Changing the summaryLength variable in the general Hugo config (config.toml, in my case) does change the number of words included. It seems to really want to split on a punctuation mark though.
It was at this point that I decided on a change of tactics. I already have the option in the snippet above to include a custom 'slug' of text for each post, which will always be the priority for each summary. If that's not there, I want to default to the auto-generated summary of each post.... but is that really the right behavior on the homepage? Perhaps simply the title, post date, and a list of associated tags is more correct? I'll borrow from code from how tags are displayed on posts themselves (in layout/post/single.html) to try that out.
I think this is better, but not great? Especially since I think if I add too many tags it'll overflow again...
Perhaps I need a slightly less brute-force approach. Let's see how somewhere like Tailblocks.cc does it. It seems they have a 'flex-flex' wrap' dive, with simple divs underneath it that are md:w-1/3 with no width qualifiers at smaller sizes?

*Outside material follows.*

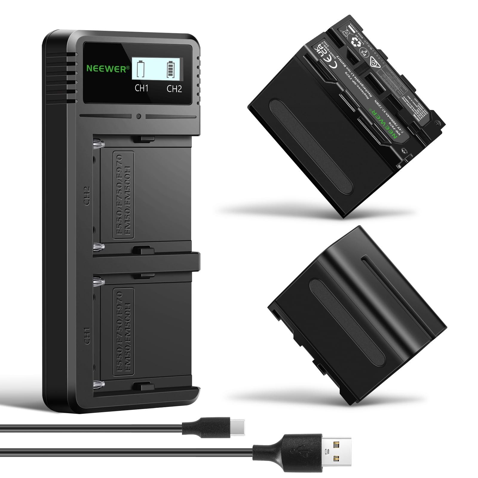 Das NEEWER Schnellladegerät ist kompatibel mit Sony NP-F550 NP-F570 NP-F750 NP-F770 NP-F960 NP-F970 NP-F975 Akkus und verfügt über Micro USB und USB C Eingangsanschlüsse zum Zweikanaligem Laden. Der USB C Anschluss unterstützt das Schnellladen, wobei ein QC 2.0/3.0 Ladegerät zum Laden eines NP-F970 Akkus mit einem Strom von 1,5A oder zwei NP-F970 Akkus mit einem Strom von 1A verwendet werden kann. Das Set enthält außerdem zwei Ersatzbatterien NP-F970 mit 7,800mAh, die ausreichend und konstante Energie für längere Aufnahmesitzungen bieten. Mit dem Ladegerät können beide Akkus gleichzeitig geladen werden.

After mucking around with some margin and padding settings, this setup does seem to essentially work. There are (currently 5) blog cards side-by-side on the main page whne the screen is above a certain size; below that, they snap to being one above the other.
We can do the same thing to the project cards as well. There's still some minor formatting errors, but so far this is basically working. And since the list pages are all flexbox based, they look not-too-shabby when the screen width gets smaller.
Mobile Menu
The navbar, as designed, isn't particularly mobile-friendly. It isn't even small-monitor friendly. But we can use some basic css and Javascript to fix that. Using a combination of tailwinds' responsive tags, and some Javascript to show and high menu's on various clicks, we can implement three different versions of the navbar for large, medium, and smaller screens.